# Out door enclosure



## beardeddragon111 (Mar 16, 2018)

I've talked about it a lot and haven't really gotten to do it, but now I have a good chance to get the tegu outdoors this summer. Down here in Alabama we have a really nice environment for the tegu. We had some turkeys that lived outdoors and don't have them anymore and now are left with this enclosure. Of course it's In no condition for a tegu right now, chicken wire, not floor, etc. But I was wondering if any of you think it's of use? Or should instant from scratch? The frame is made of 1x6s and I don't know if that's good enough to keep a tegu in. Ours in particular is destructive so I may just start new anyway






Sent from my SAMSUNG-SM-G920A using Tapatalk


----------



## Walter1 (Mar 16, 2018)

What are its floor dimensions?


----------



## beardeddragon111 (Mar 16, 2018)

Walter1 said:


> What are its floor dimensions?


6x6x3 feet. I have some panels to make it a 12x6x3 though, and could build a base for more height.
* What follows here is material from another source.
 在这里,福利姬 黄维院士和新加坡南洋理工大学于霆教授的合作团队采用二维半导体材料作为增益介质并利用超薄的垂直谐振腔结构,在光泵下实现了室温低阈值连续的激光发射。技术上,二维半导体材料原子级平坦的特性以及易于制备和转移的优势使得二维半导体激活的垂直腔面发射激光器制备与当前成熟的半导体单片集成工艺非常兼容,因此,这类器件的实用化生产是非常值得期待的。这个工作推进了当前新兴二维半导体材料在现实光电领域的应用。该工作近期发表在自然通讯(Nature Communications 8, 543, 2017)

Sent from my SAMSUNG-SM-G920A using Tapatalk


----------



## Walter1 (Mar 16, 2018)

If it's sturdy and easy for you to retrieve tegu, looks good to me. For ease on your part, might considet a walk-in.


----------



## Zyn (Mar 17, 2018)

Looks fine look at underground reptiles outdoor enclosure video looks about the same. Only
Thing to consider is having part of it covered for shade and maybe make it dig proof so they can't dig out


----------



## beardeddragon111 (Mar 17, 2018)

Zyn said:


> Looks fine look at underground reptiles outdoor enclosure video looks about the same. Only
> Thing to consider is having part of it covered for shade and maybe make it dig proof so they can't dig out


I'm thinking I'll build a base under it to provide some shade and enough high for me to walk in. Gonna cover the whole thing in a layer of welded wire as well because I know he'll tire through chicken wire.

Sent from my SAMSUNG-SM-G920A using Tapatalk


----------